Upaya memperkuat otonomi daerah kembali menjadi fokus utama Dewan Perwakilan Daerah RI. Percepatan kemandirian daerah dapat dicapai melalui harmonisasi regulasi yang solid antara pemerintah pusat dan pemerintah daerah.
Wakil Ketua bidang Otonomi Daerah, Politik, dan Hukum mencatat, masih banyak peraturan daerah yang belum selaras dengan kebijakan nasional, sehingga menghambat pelayanan publik, investasi, dan arah pembangunan daerah.
Agenda harmonisasi ini bukan sekadar tugas administratif, melainkan fondasi yang menentukan bagaimana daerah dapat menjalankan otonominya secara efektif.
“Kami tidak di sini untuk mengawasi atau mengambil alih kewenangan daerah, tetapi memastikan kebijakan pusat dan daerah tidak berjalan sendiri-sendiri. Semuanya harus bertujuan satu: kepentingan publik,” tegas Wakil Ketua saat kunjungan kerja Badan Urusan Legislasi Daerah di Kantor Wilayah Kementerian Hukum dan HAM Jawa Barat, Jalan Jakarta, Kota Bandung.
Wakil Ketua menambahkan, kurangnya sinkronisasi pada beberapa Perda, khususnya di bidang pariwisata, tata ruang, dan pemerintahan desa, menunjukkan perlu adanya pembaruan signifikan dalam perumusan peraturan daerah. Beberapa regulasi bahkan dinilai sudah tidak relevan lagi dengan standar nasional, terutama yang terkait perlindungan HAM dan prinsip inklusivitas.
Sejak berdiri tahun 2019, badan tersebut telah menerbitkan 13 keputusan terkait pemantauan dan evaluasi Rancangan Peraturan Daerah dan Peraturan Daerah. Banyak rekomendasi kemudian ditindaklanjuti pemerintah daerah di seluruh Indonesia, mencakup isu dari pajak dan retribusi daerah, pengelolaan sampah, hingga perbaikan tata ruang. Puncaknya adalah kegiatan sosialisasi kebijakan tata ruang pada Juli 2025, yang mencatat respons tertinggi dari pemerintah daerah.

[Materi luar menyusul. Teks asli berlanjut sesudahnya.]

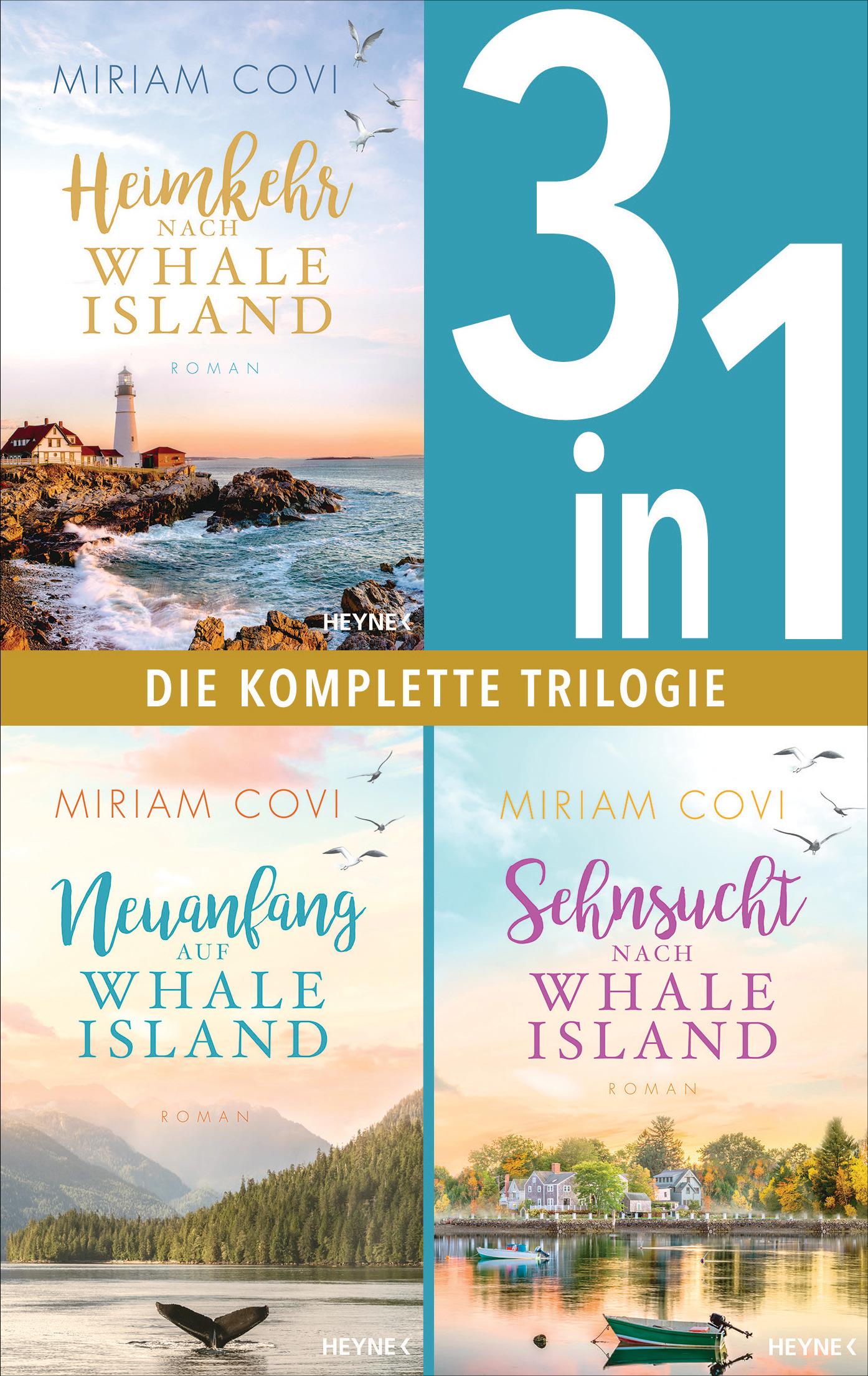Der Frauen, drei Brüder, eine sturmumtoste Insel und die ganz große Liebe. Die große Sehnsuchtsreihe von SPIEGEL-Bestsellerautorin Miriam Covi – Die komplette Trilogie in einem E-Book! Jetzt für kurze Zeit zum Kennenlernpreis (eine befristete Preisaktion des Verlags)Band 1: Heimkehr nach Whale IslandGreta Lorenz soll ihren Chef, den attraktiven aber unnahbaren Hotelmanager Duncan Sommerset, auf eine Geschäftsreise nach Kanada begleiten. Auf Whale Island, wo die Brandung an die schroffe Küste donnert und Buckelwale ihre Kreise ziehen, betreibt seine Familie ein kleines Hotel. Als Greta für Duncans Ehefrau gehalten wird, und er sie bittet, das Spiel mitzuspielen, bekommt die Reise eine ganz neue Wendung. Umgeben von herzlichen Menschen und atemberaubender Natur wird die wilde kleine Insel für Greta schnell zu dem Zuhause, nach dem sie sich schon ihr Leben lang gesehnt hat. Längst sind ihre Gefühle für Duncan echt. Doch empfindet er auch so für sie? Und warum hat er die Insel vor Jahren so überstürzt verlassen?—————————————————————————————————————————————————–Band 2: Neuanfang auf Whale IslandRestaurantmanagerin Stella Minetti hofft auf einen gelungenen Neustart in der Cameron Lodge auf Whale Island. Doch von einer entspannten Atmosphäre ist in dem charmanten Inselhotel zunächst wenig zu spüren, denn die temperamentvolle Halbitalienerin gerät immer wieder mit dem ebenso hitzigen Chefkoch Aidan Cameron aneinander. Dass sie sich trotz allem zu ihm hingezogen fühlt, macht alles noch viel komplizierter. Dann taucht plötzlich der attraktive Sänger Jackson Porter auf und macht Stellas Gefühlschaos perfekt. Doch warum sucht er hier auf der abgeschiedenen Insel Zuflucht? Und wie wird sich Stellas Herz entscheiden?——————————————————————————————————————————————————Band 3: Sehnsucht nach Whale IslandBloggerin Viola lebt jeden Tag als könnte es ihr letzter sein – schließlich hat in ihrer Familie noch keine Frau ihren 35. Geburtstag gefeiert. Während einer Rucksacktour durch Kanada hat sie einen Unfall. Doch als sie im Krankenhaus erwacht, ist sie tatsächlich 35 und die Zukunft liegt plötzlich vor ihr. Krankenschwester Skye Cameron lädt sie ein, sich bei ihr auf Whale Island zu erholen. Auf der kleinen Insel inmitten des tosenden Atlantiks fühlt sich Viola so wohl wie noch nie zuvor. Liegt das nur an der faszinierenden Natur? Oder auch an Skyes jüngstem Bruder Glenn, dem schüchternen, aber attraktiven Schriftsteller? Viola ahnt nicht, dass sie mehr mit Whale Island verbindet, als sie sich je hätte vorstellen können.

Seorang anggota dewan menyampaikan, berdasarkan pemantauan di 34 provinsi, hampir semua daerah menghadapi masalah serupa dalam merumuskan Perda.
Empat masalah mendasar teridentifikasi: disharmoni regulasi, sumber daya manusia terbatas, koordinasi antarlembaga lemah, dan kualitas naskah akademik yang rendah.
“Ini bukan sekadar masalah administratif. Struktur, metodologi, dan kesiapan sumber daya manusia harus ditingkatkan. Karena Perda yang lemah akan berakibat pada implementasi yang lemah,” tegas anggota tersebut.
Anggota itu mengungkapkan, forum konsultasi seperti yang digelar di Bandung sangat penting untuk menggali lebih detail hambatan dalam perumusan Perda.
Anggota tersebut berharap diskusi ini dapat menghasilkan rekomendasi yang dapat ditindaklanjuti untuk kementerian terkait agar daerah mendapatkan ruang kewenangan yang lebih tepat, adaptif, dan kontekstual.
Sementara itu, Wakil Ketua menyoroti dua syarat utama bagi daerah untuk menghasilkan regulasi yang kuat. Pertama, daerah harus memiliki kewenangan yang memadai untuk mengatur kebutuhan lokal tanpa selalu menunggu regulasi pusat. Kedua, proses fasilitasi dan harmonisasi harus diperkuat oleh pemerintah pusat, khususnya melalui Kementerian Dalam Negeri dan Kementerian Hukum dan HAM, termasuk peningkatan kapasitas perancang produk hukum daerah.
Wakil Ketua menekankan, tanpa dukungan seperti itu, konsep otonomi daerah yang intinya bertujuan memperkuat daya saing daerah justru akan semakin jauh dari jangkauan.
“Hambatan normatif, prosedural, dan kelembagaan harus segera diatasi agar proses perumusan Perda tidak menjadi sekadar memenuhi formalitas hukum,” tegas Wakil Ketua.
Wakil Ketua menegaskan kembali bahwa sinergi adalah kunci pembangunan daerah yang berkelanjutan. Perda yang kuat, adaptif, dan selaras dengan perkembangan regulasi nasional diyakini dapat memperkuat pelayanan publik sekaligus membuka ruang investasi dan pembangunan daerah yang lebih luas.
“Desentralisasi asimetris harus terus didorong. Daerah harus diberi ruang tumbuh sesuai karakteristiknya, dan tugas kami mengawal regulasinya agar benar-benar bermanfaat bagi publik,” kata Wakil Ketua.